Willmar’s Ana Serrano paints what inspires her, and a lot inspires her


— When one looks at the art of Ana Serrano, a painter based in Willmar, they should know they are seeing the painter herself.

“It’s a big spectrum — from ‘I think it is funny’ to ‘it’s really personal’ and everything in between,” Serrano said. “It is a reflection of who I am.”

Visitors to the Willmar Education and Arts Center have been given the chance to see those paintings, ranging from the surreal to the serious, in the art exhibit “Paints and Pots.” The show, a dual exhibit featuring the work of both Serrano and potter Hiep Nguyen, is being held by the Willmar Area Arts Council through January.

Serrano started drawing when she was a child and by the time she was in elementary school became aware of the great love she had for art.

“It sort of snowballed,” Serrano said. “I never stopped drawing after that.”

She took various art classes in high school and continued that when she attended Ridgewater College.

“I took a lot of painting classes there,” as she worked on her associate degree, Serrano said. “That’s where I got the interest to paint.”

It was also at Ridgewater where she was introduced to oil paints, a new medium for Serrano. She found acrylic paints too fast and plastic-like. With oils, Serrano found a medium with which she could really express herself.

“It is such a slow, vibrant medium,” Serrano said, and allowed her to create the paintings she envisioned in her mind. “I fell in love with it.”

Serrano has been painting with oils since around 2016, and has captured a myriad of subjects in those paintings.
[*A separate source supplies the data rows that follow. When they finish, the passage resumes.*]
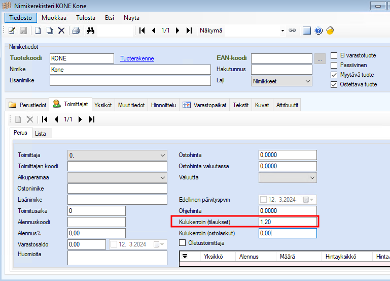 Kulukertoimen voi lisätä nimikkeen tietoihin Toimittajat -välilehdelle ko. toimittajan Kulukerroin (tilaukset) -kenttään.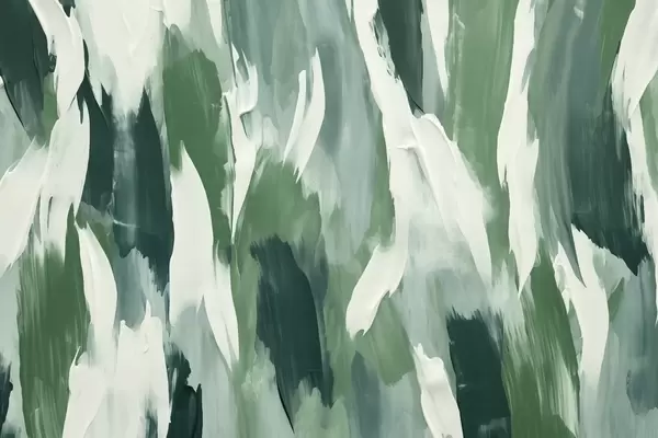 Fototapety Abstraktní textura odvážných zelených a krémových tahů štětcem, která evokuje rytmus větrem rozfoukaného listí a organický pohyb Č. w04035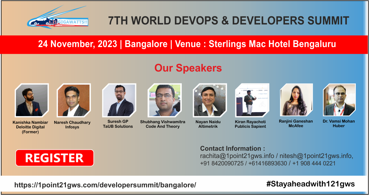 “The 7th World DevOps & Developers Summit, 2023, India” is a Program being curated based on guidelines from industry experts, with a target of about 100+ delegates. Our goal is to bring together bright minds to give insightful talks pertaining to API, DevOps & Architecture, RPA, Cognitive and AI and Testing practice that are solution-focused, and foster learning and inspiration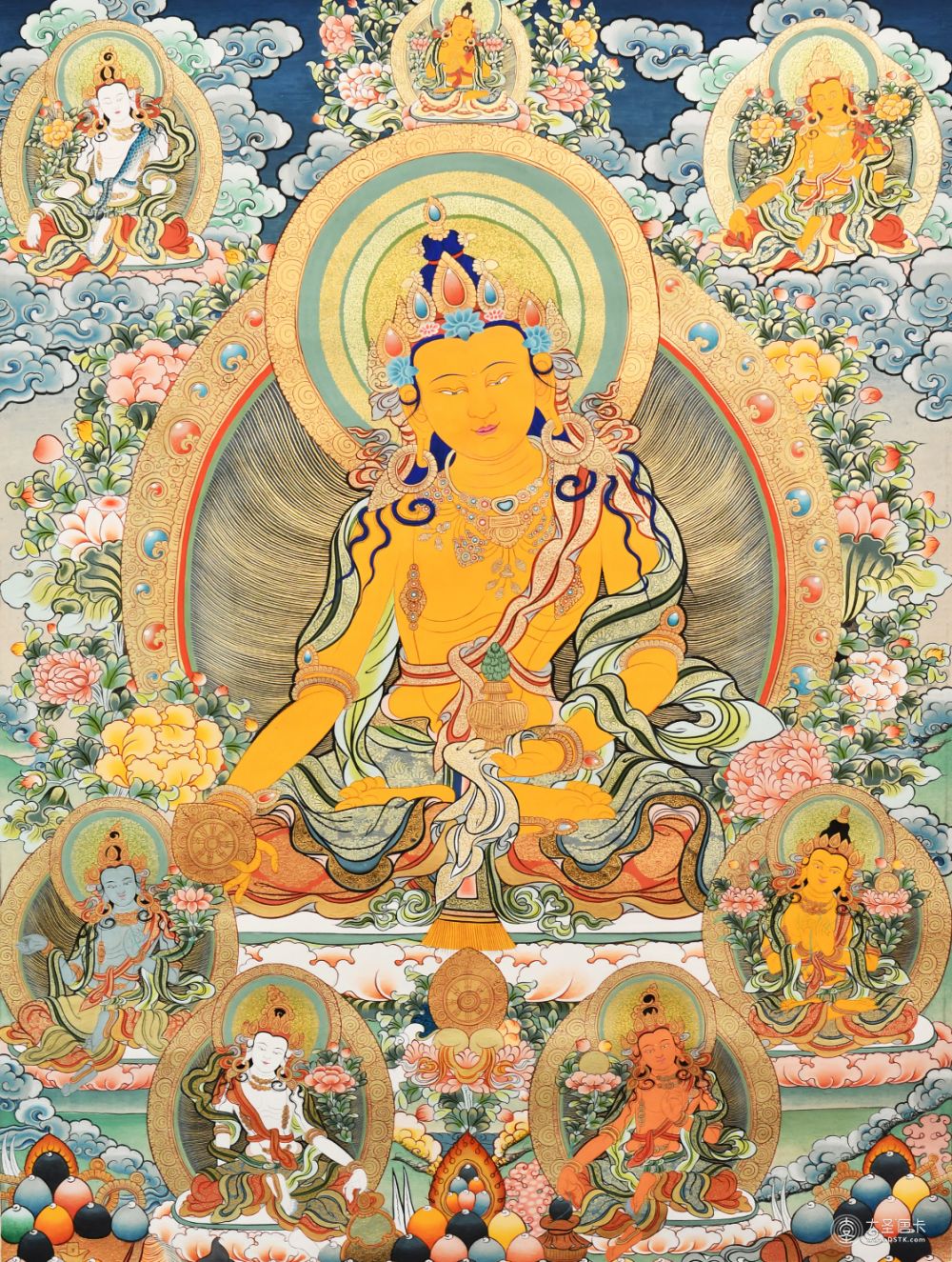 | 唐卡是歷史的瑰寶,現已被例入國家非物質文化遺產名錄,得到了高度的重視和保護。同時由于顏料的珍稀、繪制周期長、工藝復雜大大增強了其珍藏價值。一幅好的作品可遇不可求,近年來唐卡已成為收藏界炙手可熱的藏品。 | 唐卡的形式便于攜帶,其內容體現了藏傳佛教的莊重、神圣、華貴,被稱為“移動的佛像”。同時也是修行者積累善業(yè),追尋心靈的平靜與安寧的一個過程。 | 唐卡的內容包羅萬象,它以圖像的方式承載著藏族文化精髓,是藏族智慧的結晶,廣泛傳播了藏地的文化、歷史和宗教理論。 | 唐卡絢麗的色彩、流暢的線條、嚴謹的結構,都充滿著濃郁的高原和游牧民族風情,無疑是難得的藝術珍品。值得一提的是唐卡繪制顏料全部為天然礦物顏料,畫面效果艷麗,可以保存千年而不變色。 |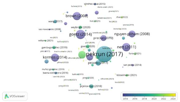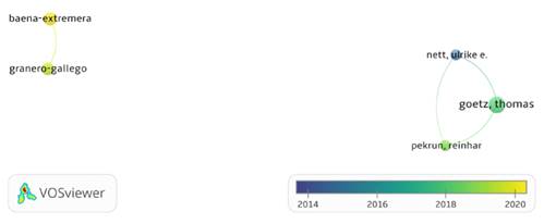 La figura 5 refleja las dos principales redes de coautoría en el tiempo, siendo Ulrike Nett y Thomas Goetz los primeros en trabajar en conjunto, incorporando después a Reinhard Pekrun en la red más antigua. La red más nueva la articulan Antonio Granero-Gallegos y Antonio Baena-Extremera. Los idiomas de los trabajos estudiados están publicados en dos idiomas: inglés 90% y español 10%.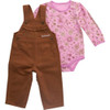 Carhartt Infant Girls Long-Sleeve Floral Bodysuit and Canvas Overall Set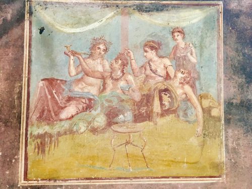 Il nome origina dal bacio “casto” che due amanti si scambiano in uno dei quadretti di banchetto che decorano il triclinio della casa, con annesso panificio.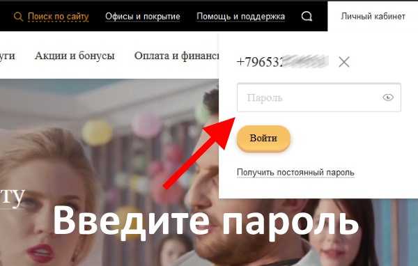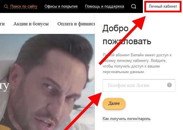 - Затем наведите курсор на пункт меню « Личный кабинет ». Вы увидите форму, куда нужно ввести номер телефона. Сделайте это и нажмите кнопку «Далее»;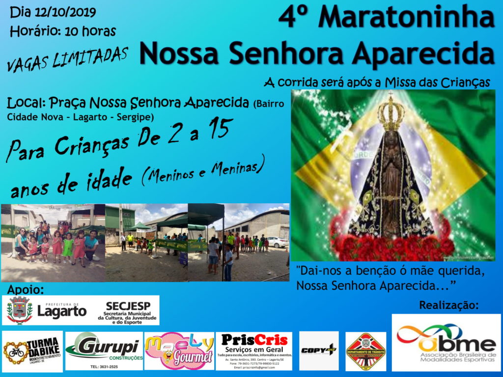 Neste próximo sábado (12), feriado nacional de Dia das Crianças e de Nossa Senhora Aparecida, excelsa padroeira do Brasil, acontece em Lagarto a 4ª Maratoninha Nossa Senhora Aparecida.
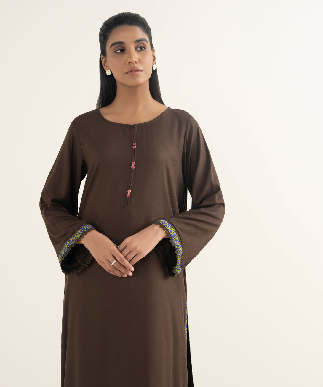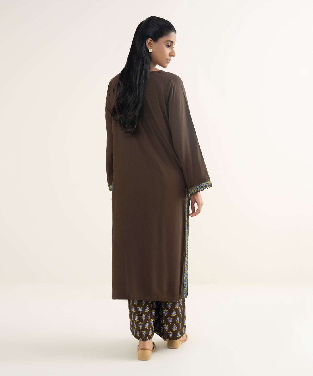 Upgrade your style in our dyed brown textured viscose straight shirt featuring a round neckline with slit.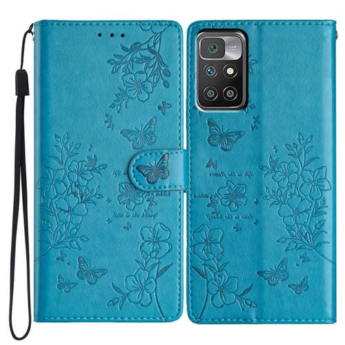 Funda de Cuero con Diseño de Mariposas y Flores para Redmi 10 2022 (Azul)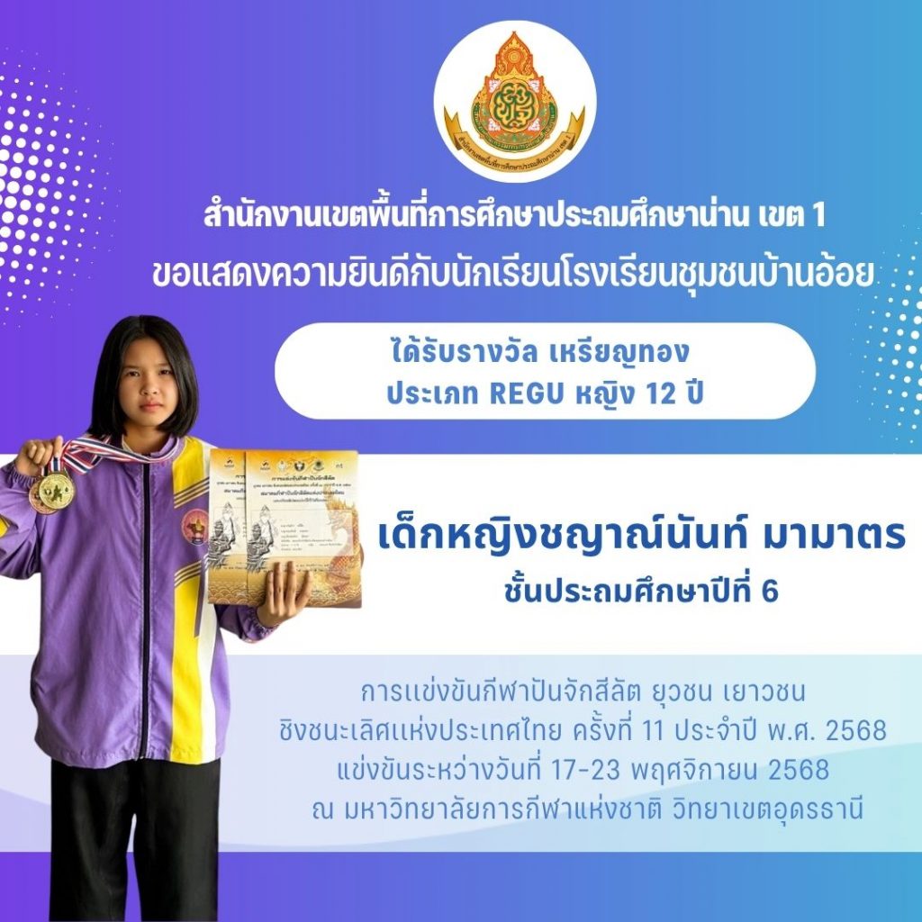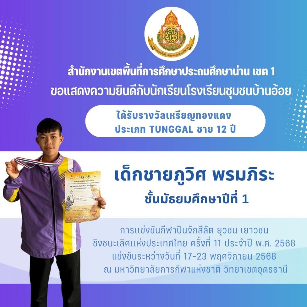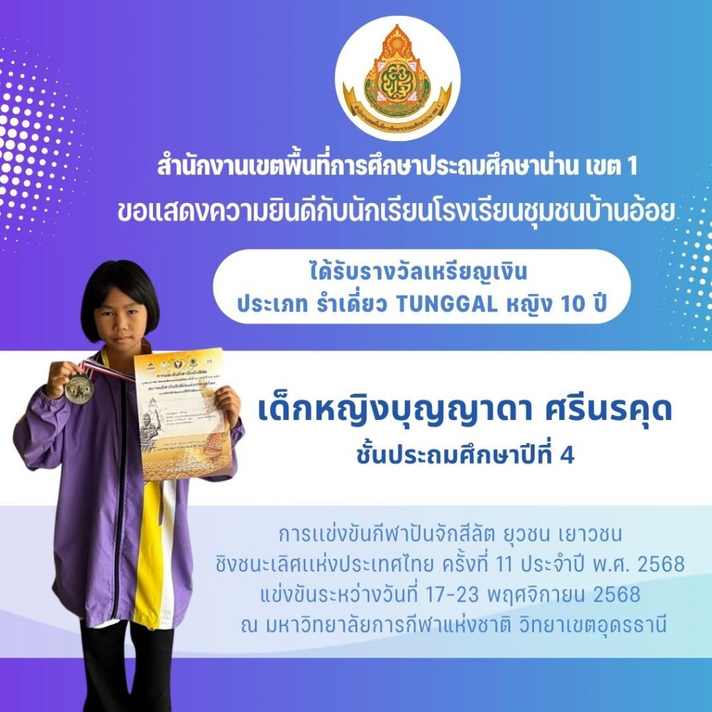 สำนักงานเขตพื้นที่การศึกษาประถมศึกษาน่าน เขต 1 ขอเเสดงความยินดีกับโรงเรียนชุมชนบ้านอ้อย ภายใต้การนำของนายศรันย์ พงษ์รัตนานุกูล ผู้อำนวยการโรงเรียน ที่ได้นำทีมชมรมปันจักสีลัตโรงเรียนชุมชนบ้านอ้อยเข้าร่วมการเเข่งขันกีฬาปันจักสีลัต ยุวชน เยาวชน ชิงชนะเลิศเเห่งประเทศไทย ครั้งที่ 11 ประจำปี พ.ศ. 2568 แข่งขันระหว่างวันที่ 17-23 พฤศจิกายน 2568 ณ มหาวิทยาลัยการกีฬาแห่งชาติ วิทยาเขตอุดรธานี ได้รับรางวัล ดังนี้

At the “Paints and Pots” exhibit, there are several small paintings of musicians, a portrait of a girl with ravens in her hair, a chicken eating a drumstick and duck that looks like the composer Beethoven.

“Inspiration comes from everything and everywhere,” Serrano said. “Sometimes I just think up a wacky idea.”

She has always had a love of birds, and her art reflects that. At the WEAC exhibit, Serrano has a series of realistic bird paintings paired with recordings of the birds’ calls.

She has also taken inspiration from her Mexican culture, including a few photos of pigs painted in the style of Talavera pottery. She created a large painting of a girl in traditional dress, in tribute of Serrano’s grandmother.

“It’s all over the place; it thinks in color, it likes music,” Serrano said of her inspirations.

Painting is a chance for Serrano to stretch her creative muscles and share a bit of herself with those around her. It allows her to create. If the opportunity arose that allowed Serrano to make a career out of art she would, but regardless she has no intention of putting down her paintbrush.

“Art has always been escapism, a relief to just do something,” Serrano said. “For me, art is an emotional release.”

Serrano urges others to give art a try. She is a firm believer that anyone can make art.

“Anyone can draw; anyone can do art,” Serrano said. “It takes the time, dedication and will to put pen to paper.”

And who knows, you might just stumble upon a new passion.

“Just do it,” Serrano said. “You never know what you can create or what you will fall in love with.”